Your assignment
Once the line holding "exterior shot less" appears, repeat it and each line after it to the end of the data, exactly and with nothing else; pictures stay out.

Data excerpts
* * *

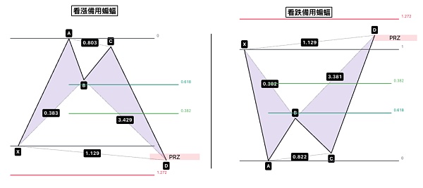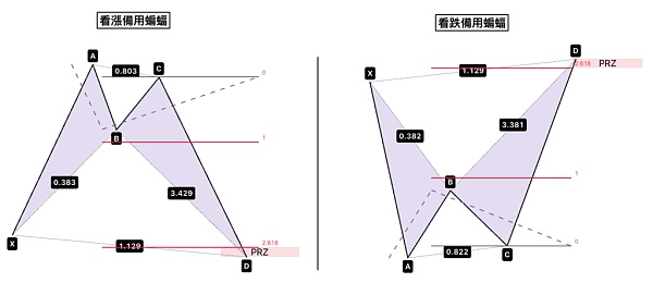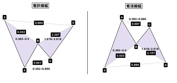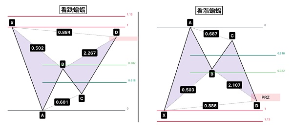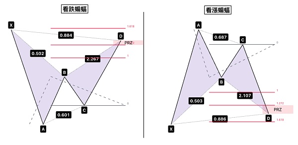 蝙蝠型态在 2001 年被发现,也是整个和谐交易中最精准的型态,之所以是最精准的是因为蝙蝠型态的特定数值恰好定义了完美的濳在反转区间。出现蝙蝠型态通常代表着对支撑压力进行深度的测试,有效的蝙蝠型态通常在濳在反转区间也会有较强力的价格行为。
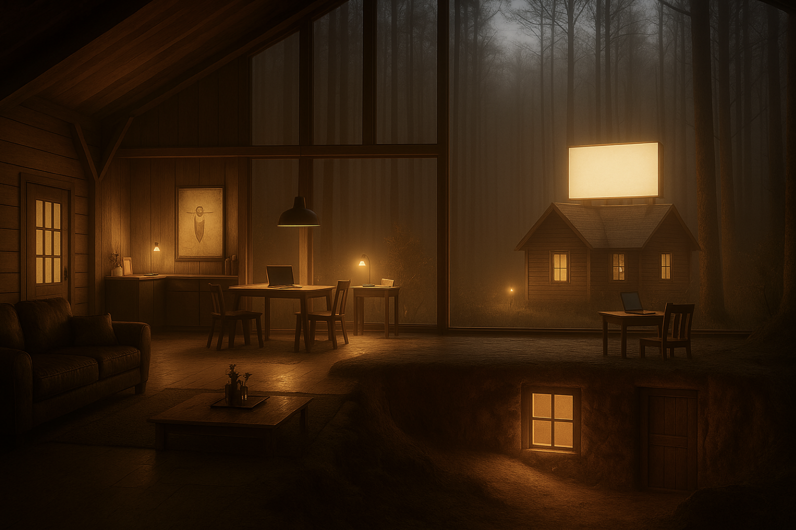 exterior shot less wood in the walls more books in the bookshelves no ceiling
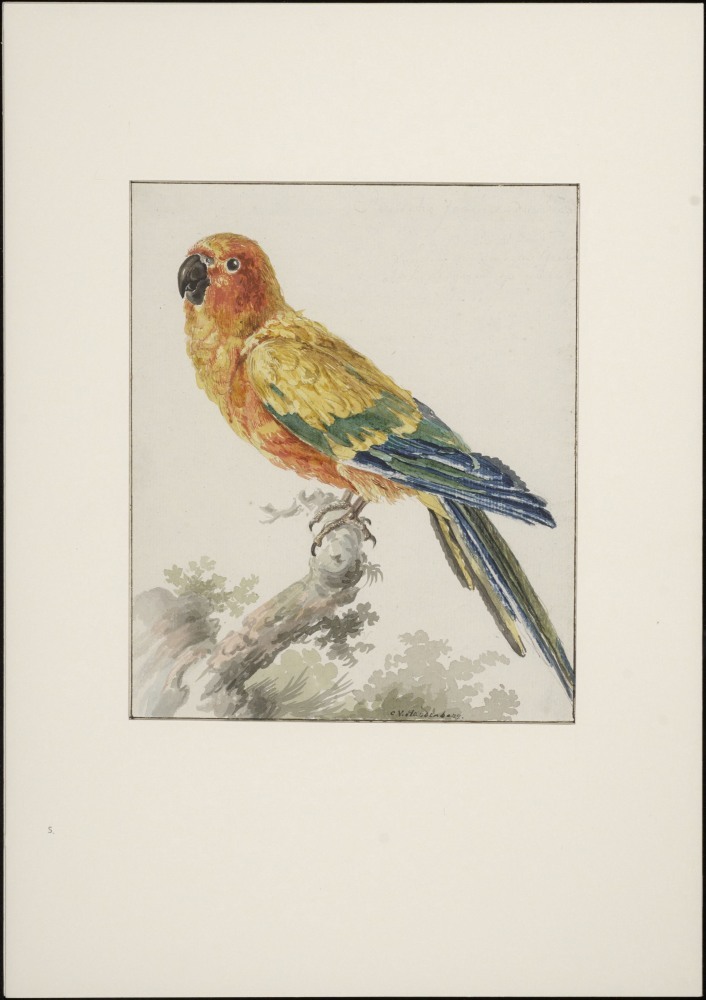Papagaai op boomstronk
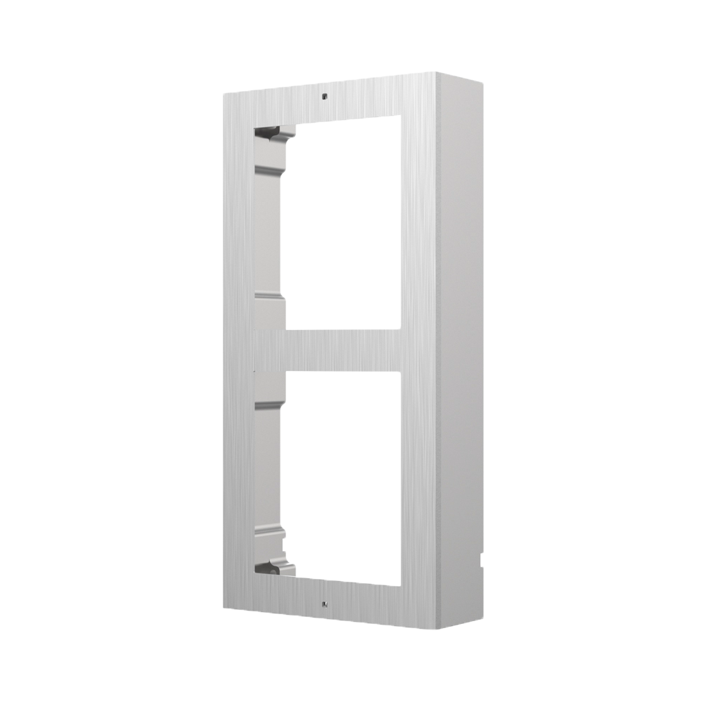 Acessorio para videoporteiro Hikvision suporte de superficie em aluminio de aviacao e aco inoxidavel, para 2 modulos do videoporteiro modular Hikvision.
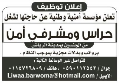 اليوم السبت التقديم على وظائف حراسات أمنية الرياض وظائف
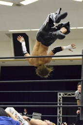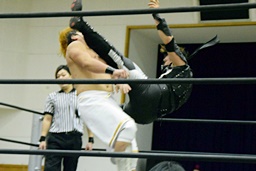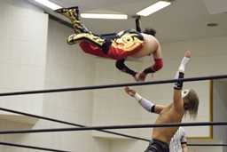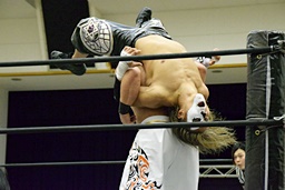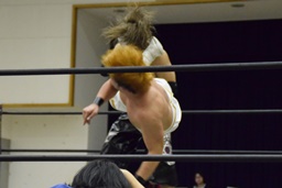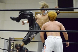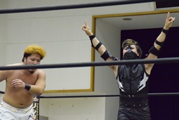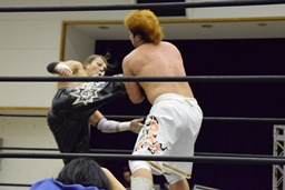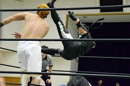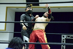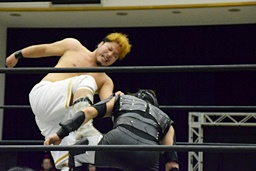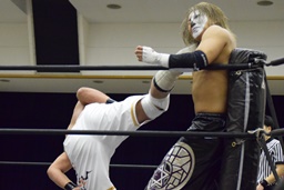 塚本がFUMAの腕を固定し久保がコーナーからダブルアックスハンドル(左写真)。
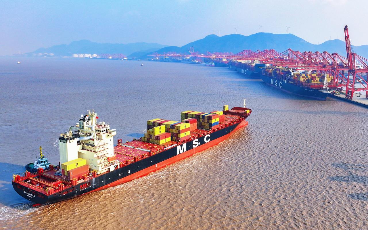 1月8日下午,随着澳洲航线首航货船“地中海杰西尼亚”轮缓缓靠泊宁波舟山港穿山港区,宁波舟山港迎来2026年首条新航线。

* * *

Answer for this exercise
 exterior shot less wood in the walls more books in the bookshelves no ceiling
Papagaai op boomstronk
 Acessorio para videoporteiro Hikvision suporte de superficie em aluminio de aviacao e aco inoxidavel, para 2 modulos do videoporteiro modular Hikvision.
 اليوم السبت التقديم على وظائف حراسات أمنية الرياض وظائف
 塚本がFUMAの腕を固定し久保がコーナーからダブルアックスハンドル(左写真)。
 1月8日下午,随着澳洲航线首航货船“地中海杰西尼亚”轮缓缓靠泊宁波舟山港穿山港区,宁波舟山港迎来2026年首条新航线。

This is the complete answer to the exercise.